Le gare, sia maschili che femminili, cominceranno domani, mercoledì 13 marzo 2013, con le due discese, prima uomini e poi donne. In campo femminile, dove la stessa Tina, da sola, ha ottenuto il n. di podi raggiunto da due nazioni (Austria e USA, ovvero 22) l’interesse è legato proprio al tentativo della slovena di conquistare tutte le coppe di specialità: è saldamente in testa nella graduatoria di superG (ma l’americana Julia Mancuso la può ancora scavalcare), le basta arrivare tra le prime 15 per superare Lindsey Vonn (infortunata e quindi non in gara) in quella di discesa, mentre dovrà lottare fino all’ultimo metro dell’ultimo slalom con l’americana Mikaela Shiffrin per conquistare quella tra i “rapid gates”, senza dimenticare però, che proprio a Lenzerheide, in Svizzera, dove si disputano le Finali, la bella Tina vinse la sua prima gara in slalom, 2 anni fa…

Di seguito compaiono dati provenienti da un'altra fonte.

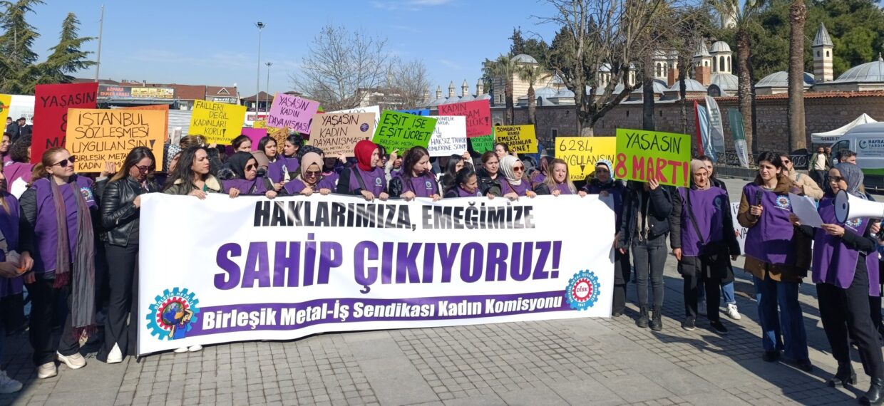 Merkez Kadın Komisyonumuzun çağrısıyla Gebze’de eylem yapan kadın üyelerimiz, "Emeğimize, haklarımıza sahip çıkıyoruz!" diyerek eşitlik ve özgürlük taleplerini yükseltti.Eyleme Gebze 1, Gebze 2 ve Bursa şubelerimize bağlı fabrikalardan kadın işçiler katıldı. Kadın üyelerimiz, basın açıklamasının yapılacağı Gebze Kent Meydanı'na sloganlarla yürüdü. "Yaşasın 8 Mart, yaşasın kadın dayanışması!", "ILO 190 onaylansın, 6284 uygulansın!", "İstanbul Sözleşmesi'nden vazgeçmiyoruz!", "Kadın yaşam özgürlük!", "Her kadına sendikalı, güvenceli iş, her işyerine kreş" bu sloganlar arasındaydı.Metal işçisi kadınlar, Kaynak Tekniği (Lincoln) işçilerinin grevini de selamladı, "Yanınızdayız!" dedi. Kadın Komisyonumuzun basın açıklaması metni: Emeğimize, haklarımıza sahip çıkıyoruz! Kadınlar örgütlü mücadelesi ve dayanışmasıyla, tarih boyunca seçme-seçilme hakkından kürtaj hakkına, çalışma hakkından medeni hukuka kadar kamusal ve özel alana yönelik nice kazanımlar elde etti. Eşit ve özgür bir dünya kuruluncaya kadar da mücadelemiz devam edecek. 2025 yılı ile birlikte, demokratik hakkımız olan düşünce ve ifade özgürlüğüne, laikliğe, grev hakkına, kadınların […]

In campo maschile, la situazione è ben diversa: l’austriaco Marcel Hirscher, detentore della sfera di cristallo, in testa alla generale, e il norvegese Aksel Lund Svindal, sono separati in classifica da soli 149 punti, a quattro gare dalla fine: due favorevoli a Marcel, due ad Aksel, che parte quindi sfavorito dovendo recuperare, ma che sa esaltarsi nei finali di stagione, visto che per ben due volte, nel 2007 e nel 2009, conquistò la Coppa generale all’ultima gara e per una manciata di punti nei confronti dell’austriaco Benny Raich, in circostanze a volte miracolose (o casuali).

Aperta anche la lotta per la Coppa di discesa, dove gli azzurri Paris e Innerhofer tenteranno un’impresa quasi disperata per superare Kroell e lo stesso Svindal, davanti a loro. Nessun italiano, in quasi 50 anni di storia, ha mai vinto la classifica della libera… La pista di Lenzerheide, però, è tosta, difficile, per cui in realtà tutto può ancora succedere. Giovedì 14 marzo sono previsti i due superG, venerdì 15 il Team Event, sabato 16 e domenica 17 ultime due gare con gigante e slalom.

Venti gli italiani presenti: 14 uomini (Paris, Heel, Fill, Innerhofer, Marsaglia, Klotz, Blardone, Manfred Moelgg, Simoncelli, Deville, Thaler, Gross, Razzoli, Eisath) e 6 donne (Merighetti, Elena Fanchini, Nadia Fanchini, Elena Curtoni, Irene Curtoni, Denise Karbon).

La stagione 2013-2014, che scatterà a fine ottobre, avrà il suo clou a metà febbraio con le Olimpiadi di Sochi, in Russia.